Curitiba - A incontinência urinária atinge cerca de 25% das mulheres no pós-parto. Os números são de pesquisas da França, mas podem ser transpostos para o Brasil. O que não foi transferido daquele país para o nosso foi a atitude adotada para evitar que as mulheres continuem sofrendo com a incontinência urinária.
Enquanto na França toda mulher tem direito a dez sessões de fisioterapia pós-parto para evitar a incontinênica, no Brasil a fisioterapia como prevenção e tratamento ainda é pouco utilizada. Isso foi um dos assuntos debatidos ontem, durante 2º Congresso Internacional sobre Prevenção da Incontinência Urinária, que está sendo realizado no Centro de Estudos do Hospital Santa Cruz, em Curitiba.

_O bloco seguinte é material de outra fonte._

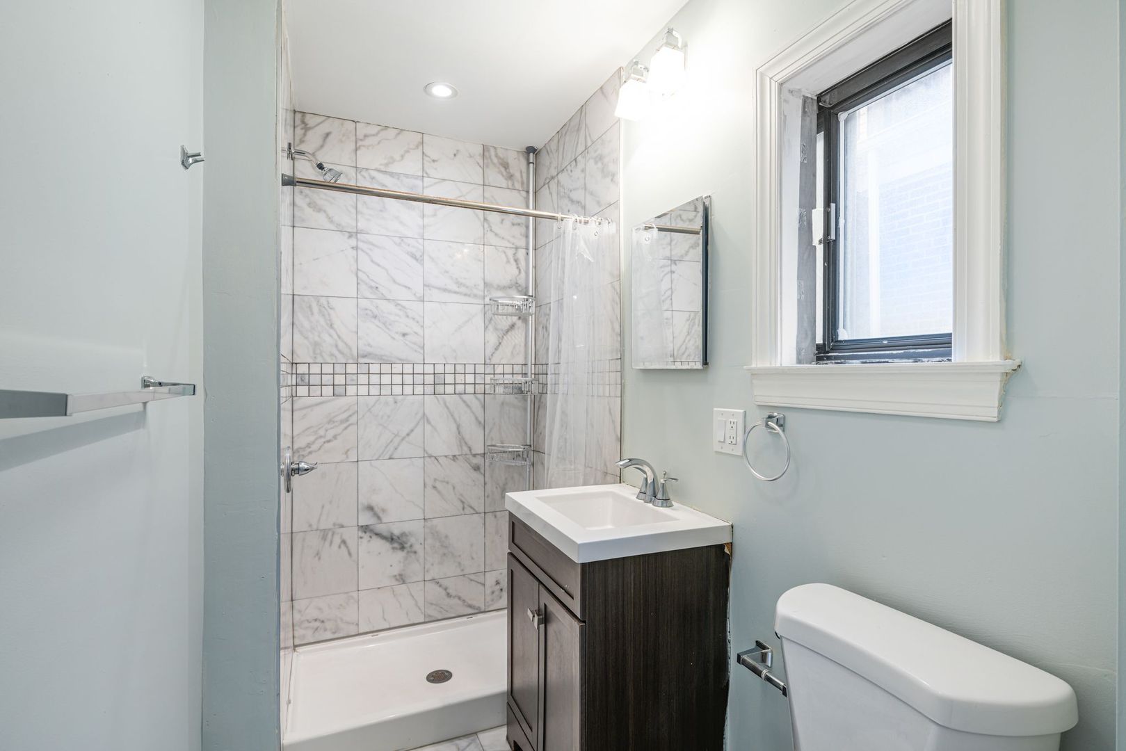 The bathroom is equally impressive with floor to ceiling marble tiles that give a spa-like feel. The bedroom is spacious and features plenty of closet space and additional storage, so you'll have plenty of room to store all your belongings.

Durante o congresso, especialistas franceses fizeram cursos para fisioterapeutas de todo o País, interessados em conhecer as novas técnicas de prevenção e tratamento desta doença que atinge aproximadamente 10% da população mundial. A fisioterapia já é conhecida há algum tempo no tratamento, mas só há poucos anos foi adotada de maneira mais massiva, principalmente na Europa.
Apesar do congresso ter como tema a gravidez e o pós-parto, a incontinência urinária pode acontecer por vários fatores que vão desde exercícios abdominais inadequados até a menopausa, no caso das mulheres, ou a cirurgias de próstata para os homens.
É comum associar-se o problema à idade, mas isso não é certo. ''Não é normal em nenhuma idade e tem que ser tratada, mas as pessoas precisam parar de pensar na incontinência como um assunto tabu'', afirma a fisioterapeuta Maura Seleme, organizadora do Congresso.
A fisioterapeuta explica que até atletas correm o risco de ter a incontinência urinária porque fazem muitos exercícios abdominais e, em contra-partida, deixam de exercitar o períneo, grupo muscular que repousa as vísceras do organismo e fica entre o ânus e os órgãos sexuais.
Como o períneo é um músculo que pode ser exercitado, o mais fácil é fazer a prevenção, fortalecendo-o. ''É a melhor prevenção e as pessoas podem aprender e fazer os exercícios em casa'', afirma Maura Seleme, que vem tentando fazer um trabalho de massificação da prevenção e tratamento da doença. Ela também é a presidente da Associação Brasileira de Ajuda e Formação sobre a Incontinência Urinária (ABAFI) que desenvolveu um sítio na internet onde divulga informações, exercícios e orientações. O endereço na internet é www.abafi.com.br.